Домой привез меня, из машины выгрузил и обратно к своей Светочке уехал или к той сучке, которую не успел… А я забыла крикнуть вдогонку, чтоб в этот раз все же оттрахал любовницу или кто она там его темноволосая шлюшка. И в сердце то огонь полыхает при воспоминании о том, как к себе прижимал, то болезненная ярость слепит и ненависть… и вовсе не за то, что ударил. К сожалению, не за то… А поздно ночью я рассматривала этот рубец на своем плече и обводила его, а потом подносила к губам собственные пальцы, вспоминая, как он вдавил меня в себя и цеплялся дрожащими руками за мои волосы. Со мной уже тогда творилось нечто странное.

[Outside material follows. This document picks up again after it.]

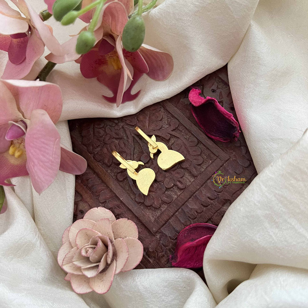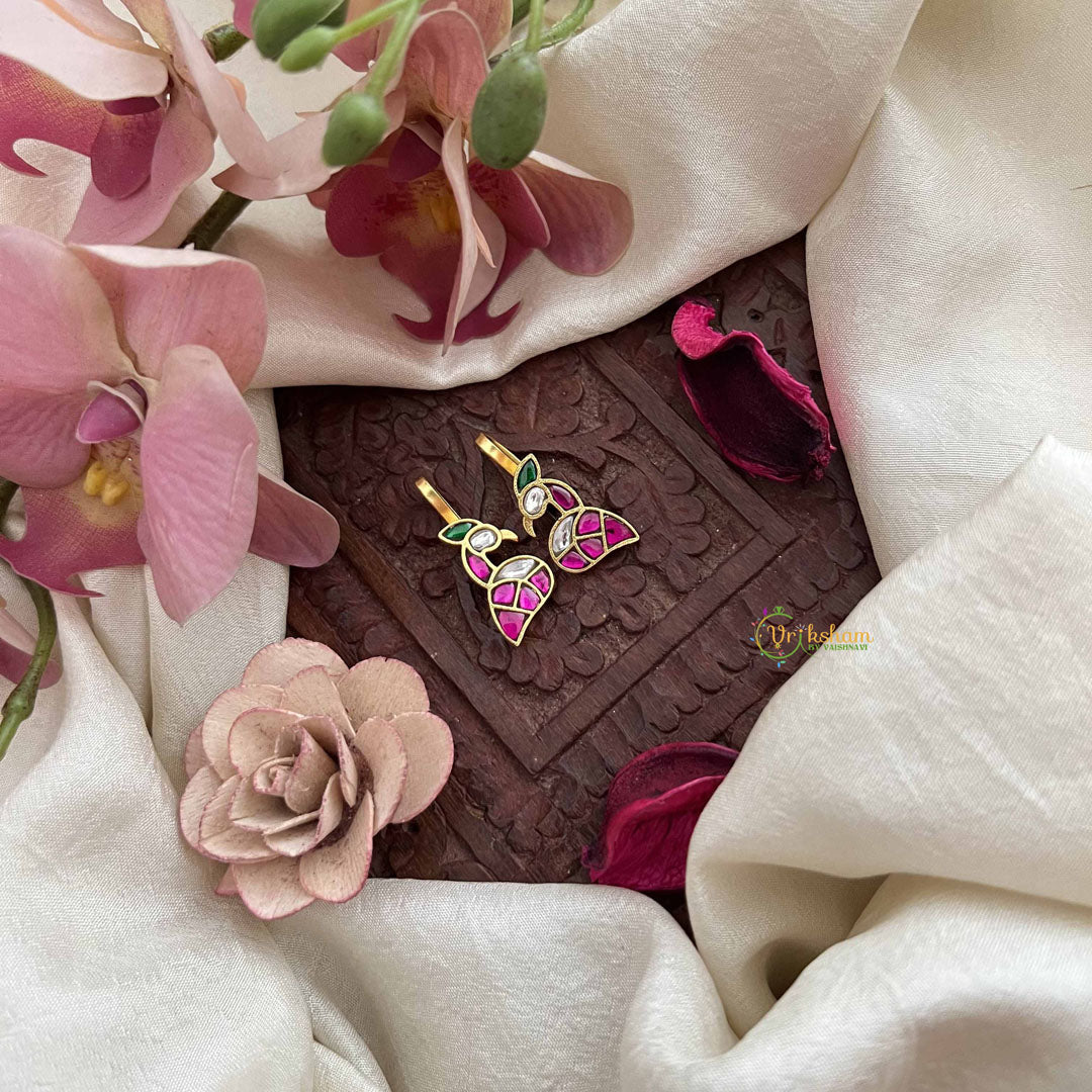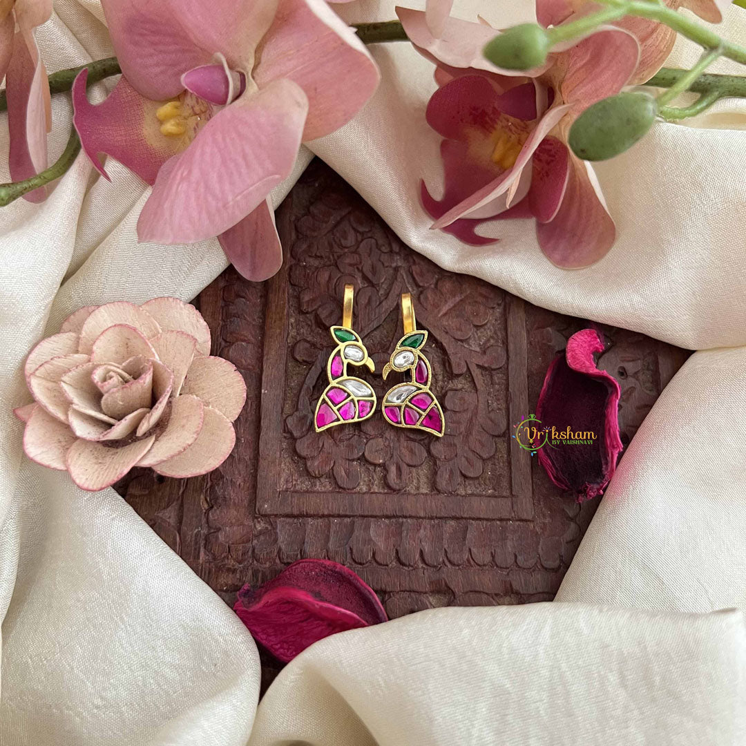 The Vriksham Designer Peacock Shape Kundan Jadau Press Bugadi features a striking peacock design crafted with precision in red, white, and green hues. This sophisticated piece combines traditional Kundan artistry with elegant detailing, making it a refined accessory to elevate any ethnic ensemble.

Я уже тогда была влюблена в него по-животному дико. Не по-людски. Да и он по-людски не умел….

* * *

Но поговорить у нас больше не вышло. Барский действительно отправил меня учиться заграницу. Подальше от себя и от своей драгоценной семейки. Не приехал даже провожать.

Через неделю после проклятой вечеринки вызвал меня в кабинет. Когда зашла он по телефону беседовал и кивком головы мне на кресло указал. Я не села. Так и осталась стоять. Рука все еще болела я делала перевязки с мазью, а Светлана заботливо помогала наложить бинты. Все спрашивала, как я так… а мне казалось она прекрасно знает кто это сделал. Знает и злорадствует.

— Завтра ты уезжаешь учиться в Словакию в закрытую школу. Будешь изучать хореографию, музыку и все что положено. Так что думаю за два года из тебя выйдет человек.